Но и белая болезнь вызывает не только один ужас. Это было очень глубоким умозаключением Чапека. Она вполне устраивает молодежь, которая не подвержена заразе, да и люди среднего возраста тоже надеются устроить свои дела получше, когда повымрут конкуренты или те, кто еще занимает выгодные места. Тотальное зло — какую бы форму оно ни приобрело — извращает нравственный мир человека. Эта мысль была главенствующей для пьесы Чапека. Зло тем опаснее, чем обыденнее и привычнее оно становится. История не однажды подтверждала это. Рядом с заксенхаузенами и освенцимами жили люди, делавшие вид, что они не замечают ужаса, находившегося по соседству с ними. Но разве зло неостановимо и с ним нельзя бороться? Чапек так не думал: в предисловии к пьесе он писал: «В мире войн сам Мир должен быть суровым и беспощадным воителем».

Эта идея придавала его гуманизму e демократичности недостававшую им ранее определенность. Однако носитель идеи мира в пьесе — доктор Гален, открывший средство против белой болезни и стремящийся при посредстве своего открытия принудить Маршала и его пособников отказаться от агрессии, изменить политику, перевести ее на мирные рельсы, — выглядит чрезмерно наивным и оптимистичным в своих надеждах. В твердости и даже беспощадности ему отказать нельзя: он начисто отказывается лечить всех, кто помогает войне, предоставляя их собственной судьбе. Ни пытками, ни угрозой смерти у него нельзя вытащить тайну его средства лечения белой болезни — это понимают все, включая Маршала. Но возможно ли одному человеку, даже владеющему панацеей от бедствий, потрясающих общество, поставившего правителям бескомпромиссный ультиматум — или погибайте, или принимайте мои условия, — можно ли ему в одиночку усмирить стихию ненависти, тупого фанатизма, остервенелого национализма, возможно ли остановить пущенную в ход военную машину, отозвать назад самолеты и танки, сеющие смерть и разрушение в соседних странах?

Для демократической мысли тех лет вопросы эти были не праздными, ибо речь шла о поиске социальных сил, на которые должно опираться в идущей и развертывающейся антифашистской борьбе.

Как и все другие образы пьесы, образ доктора Галена строится на принципе реалистико-символического обобщения, когда художественный характер, сохраняя свою жизненную достоверность, обретает дополнительную наполненность, включает в себя некую идею, универсализированную, но исторически конкретную. Подобного рода принцип создания характера вообще свойствен реализму нашего века. Гален, несомненно, олицетворяет самые дорогие сердцу Чапека гуманистические традиции, противопоставленные разрушительным бесчеловечным тенденциям современной истории. Для художественной демократической и антифашистской литературы тех лет подобный образ был типичен: Сервантес у Бруно Франка, Генрих IV в дилогии Генриха Манна, Иосиф Флавий из романов Лиона Фейхтвангера — вот некоторые из них. В произведениях этих писателей одинокий носитель Разума вставал против общественного неразумия и одерживал над ним если не прямую, то, во всяком случае, моральную победу, что сообщало романам этих писателей дух исторического оптимизма.
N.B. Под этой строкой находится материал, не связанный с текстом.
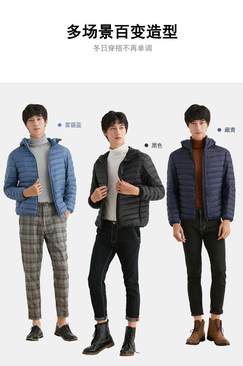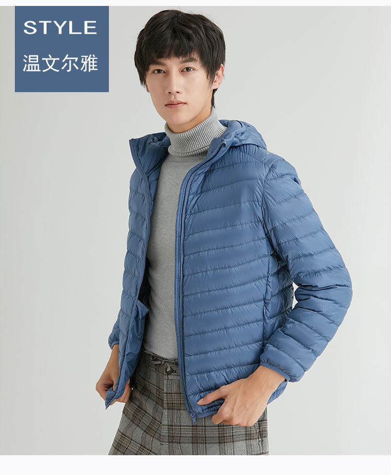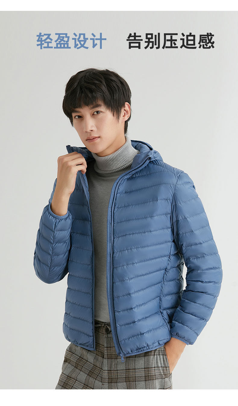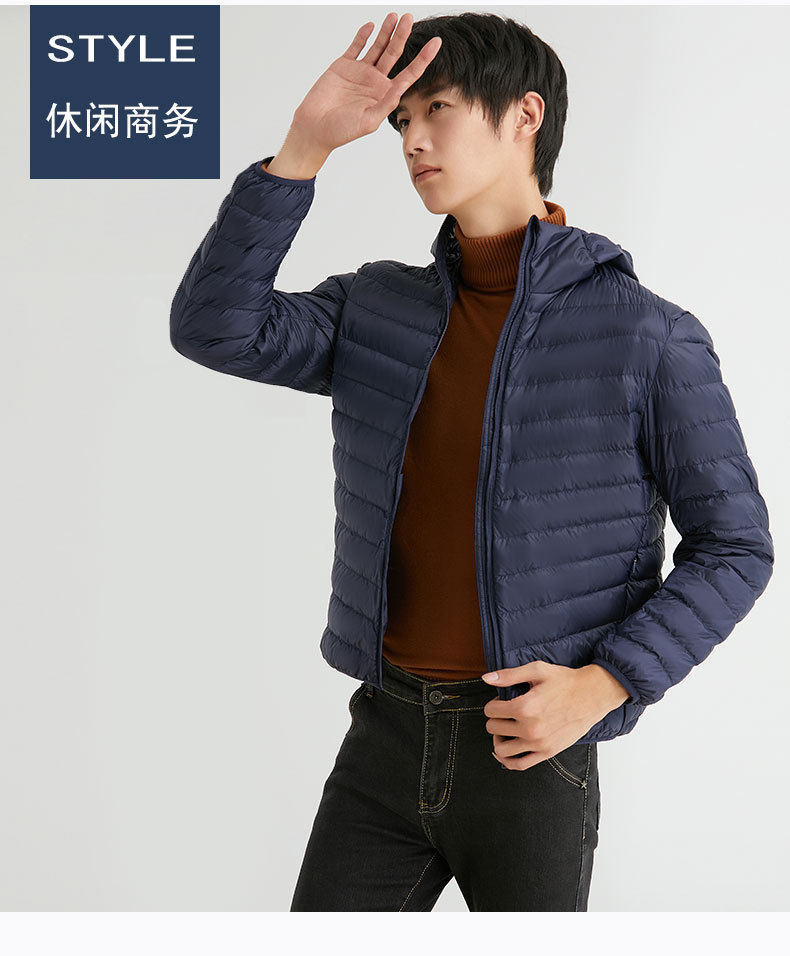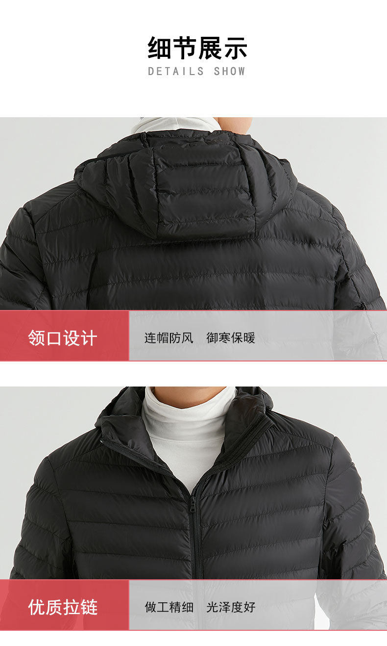 90 velvet men's hooded down jacket light short large size light foreign style white duck down jacket Pinghu down jacket wholesale

У Чапека доктор Гален никакой победы не одерживает: его просто растаптывает озверелая, опьяненная воинственным ражем, одурманенная шовинизмом толпа, когда он, добившись от заболевшего белой болезнью Маршала согласия на мир, нес в своем докторском чемоданчике таинственное лекарство, дарующее спасение всем страждущим.

Финал пьесы выглядит крайне пессимистичным. И все же «Белая болезнь» была пьесой надежды. В ней Чапек прощался с самым заветным убеждением своей жизни — созерцательным гуманизмом. Пьеса стала суровым предупреждением и одновременно поиском подлинно действенных путей борьбы с реакцией, грозящей погубить человечество. Доктор Гален, несомненно, натура героическая, но его героизм одиночки не способен изменить зловещий ход событий: у Галена нет иной опоры, кроме как в собственной совести, но этого явно недостаточно, и он заведомо был обречен на неудачу.

Время одиночных действий одиноких носителей Разума кончилось, если оно когда-либо существовало. Вне подлинной опоры на реальные общественные силы, враждебные фашизму и авторитарной морали Маршала и его присных, конечная победа невозможна. «Белая болезнь» звала не к отчаянию, а к действию, и в этом была ее горькая мудрость. Трезвый реализм Чапека выявил свои сильные стороны и в характеристике образа диктатора, этого духовно мертвого человека, весь внутренний мир которого сведен к убогим аксиомам национализма и агрессии, для которого важнее казаться, чем быть чем-то на самом деле. Поэтому он и создает миф о собственной персоне, лишенной, несмотря на помпезную декоративную мужественность и решительность, даже намека на подлинный героизм и по сути трусливой. Несмотря на все свои танки, войска, полицию, слепое поклонение толпы, Маршал может быть побежден, и эта мысль сообщала глубинный оптимизм внешне весьма пессимистичной пьесе Чапека. Ее пронизывала жажда подлинного действия, что толкало писателя на поиск в живой истории современности активной социальной силы, способной остановить фашизм.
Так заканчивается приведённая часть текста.